----- Source material -----

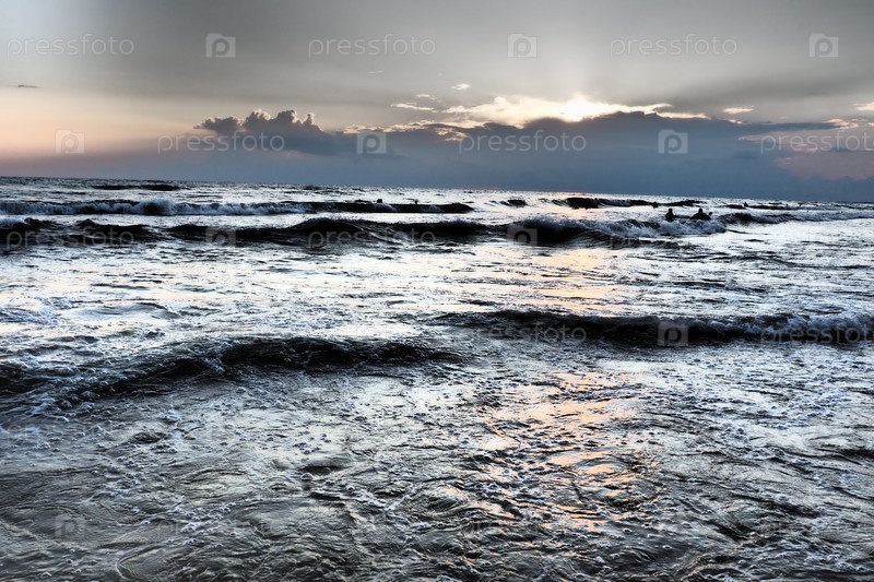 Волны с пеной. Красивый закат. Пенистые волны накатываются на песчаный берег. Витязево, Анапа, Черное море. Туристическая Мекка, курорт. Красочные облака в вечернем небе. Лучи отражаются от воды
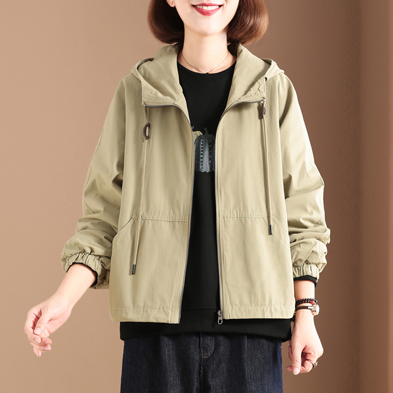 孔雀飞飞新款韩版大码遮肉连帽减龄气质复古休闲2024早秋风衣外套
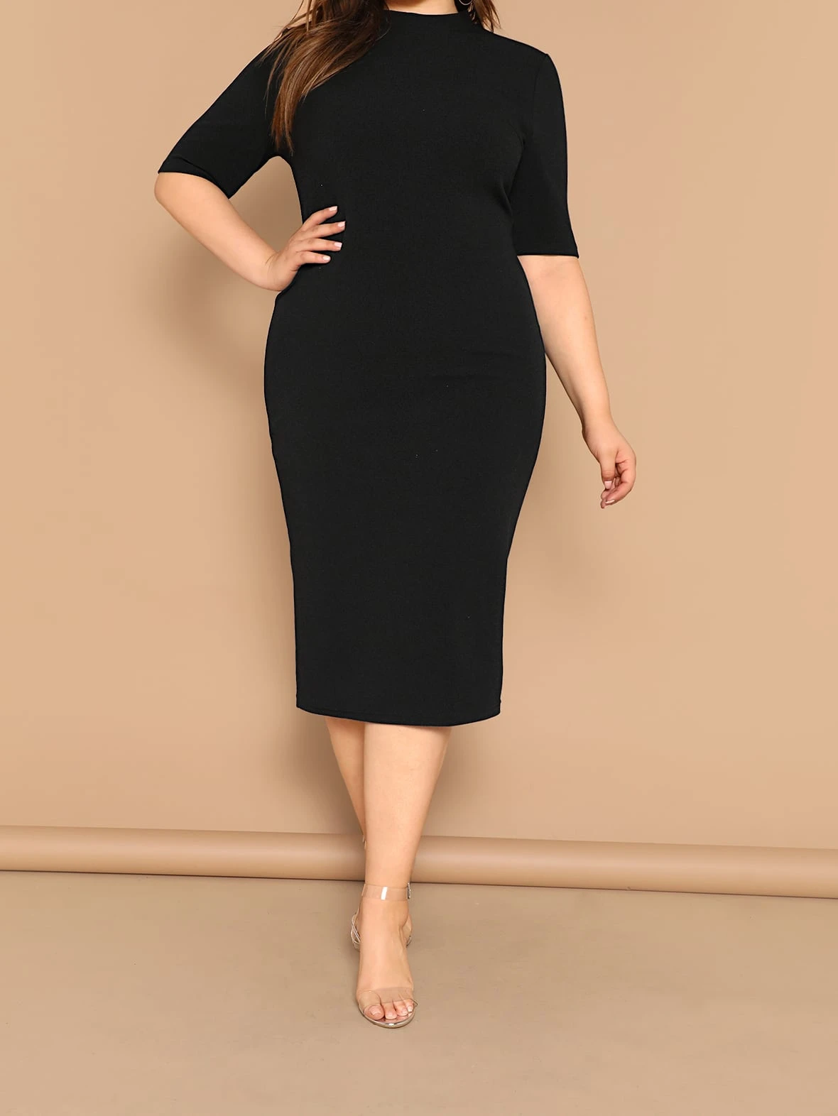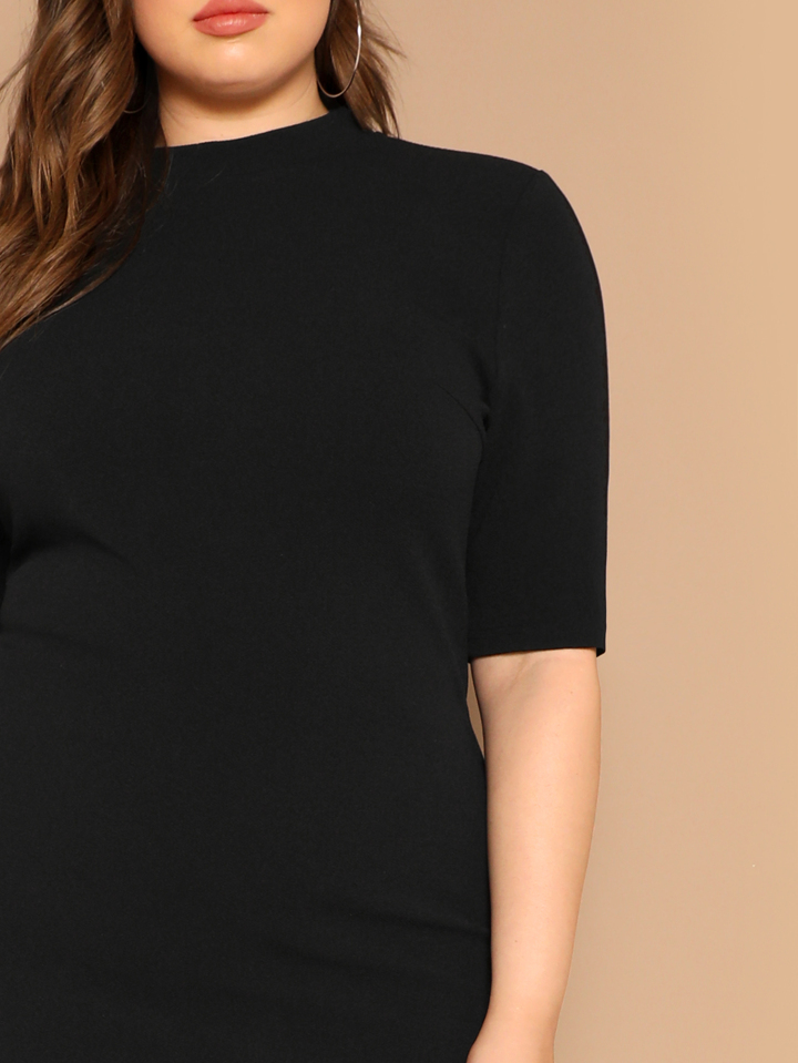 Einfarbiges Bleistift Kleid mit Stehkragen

-----

▶ The problem
Restate the material above word for word, dropping the pictures.

▶ Answer to this exercise
 Волны с пеной. Красивый закат. Пенистые волны накатываются на песчаный берег. Витязево, Анапа, Черное море. Туристическая Мекка, курорт. Красочные облака в вечернем небе. Лучи отражаются от воды
 孔雀飞飞新款韩版大码遮肉连帽减龄气质复古休闲2024早秋风衣外套
 Einfarbiges Bleistift Kleid mit Stehkragen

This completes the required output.